If I do like you, I will arrange to meet you face to face. I little chatting by email first, then we meet. A lot of guys get cold feet at this point. That is why I prefer to hunt in person, and find my prey in a live forum rather than online. That, and I can cull without having to let someone know they’ve been culled, and that can be kinder. I am not out to hurt people’s feelings. I don’t like that, and it can be awkward when people email me and I have to reject them. I try to be kind, but if someone is an asshole or inappropriate, than they are fair game.
Let’s face it. At this point in my life I’m dominant. I don’t respond to guys trying to dominate me in an unsolicited way. But, I do like the smell of fear on a tender, tentative young morsel. That, and an eager to please look on the face. We can get along.
I’ve had older guys write, telling me when I get tired of messing around, to give a real man a try.
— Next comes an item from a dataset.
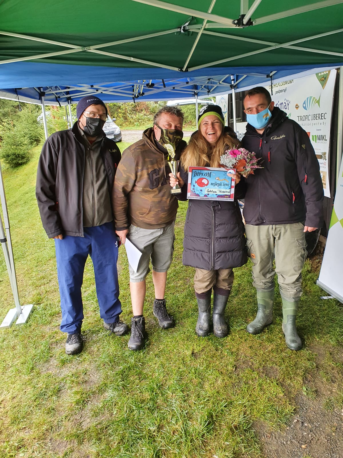 Po ukončení závodu se všichni zahřáli pečeným masem z lorny, které připravili naši vrchní „grillmani“ Kletečkové a po kratším sečtení ulovených ryb jsme mohli přistoupit k vyhlašování výsledků. Cenu za nejlepší ženu si odnesla stálice startovního pole Gábina Tauberová, která vyhrála vše, co šlo…kromě nejlepší ženy získala zaslouženě i zlatou medaili za první místo v závodě a ulovila též největší rybu. Abychom ji tolik nerozmazlili množstvím cen, cenu za největší rybu jsme předali Zdeňkovi Hamouzovi za ulovenou rybu nejmenší. Stříbrnou medaili vybojoval novic mezi reprezentanty ČR v plavané a jednatel ČRS MO Kladruby, Petr Krym, který v nedělních dětských závodech asistoval Adélce Procházkové, která svou kategorii vyhrála. Stříbro bral náš kamarád Martin Havlíček ze Zbiroha. Gratulujeme tentokráte nejen medailistům, ale především vozíčkářům a všem zúčastněným, kteří jsou v tomto extrémním počasí v našich očích vítězi!

Now there’s good advice. Gee, I’ve never had an older man. I actually have a very steady man who is over 40, who is my dream. I’ve had all sorts of men. I like some older men, but that is not what I am looking for right now, so why not go for someone who is? Why bother writing me to display your resentment that I am not looking at you? That is so not sexy.
Do not approach me with a chip on your shoulder, something to prove, bitterness, resentment, issues, or pissy, whiny, or demanding tones. If you are clumsy, or I can see you ask for a pic up front because it is what you have seen others do, and you don’t know how to approach me, I may redirect you. No problem. Lack of imagination and playfulness will not make you stand out, though. Mr. Saturday Night (oh, that’s tonight) had the right combination of intellect, wit, charm, respect, and sexy pics. I am salivating in anticipation.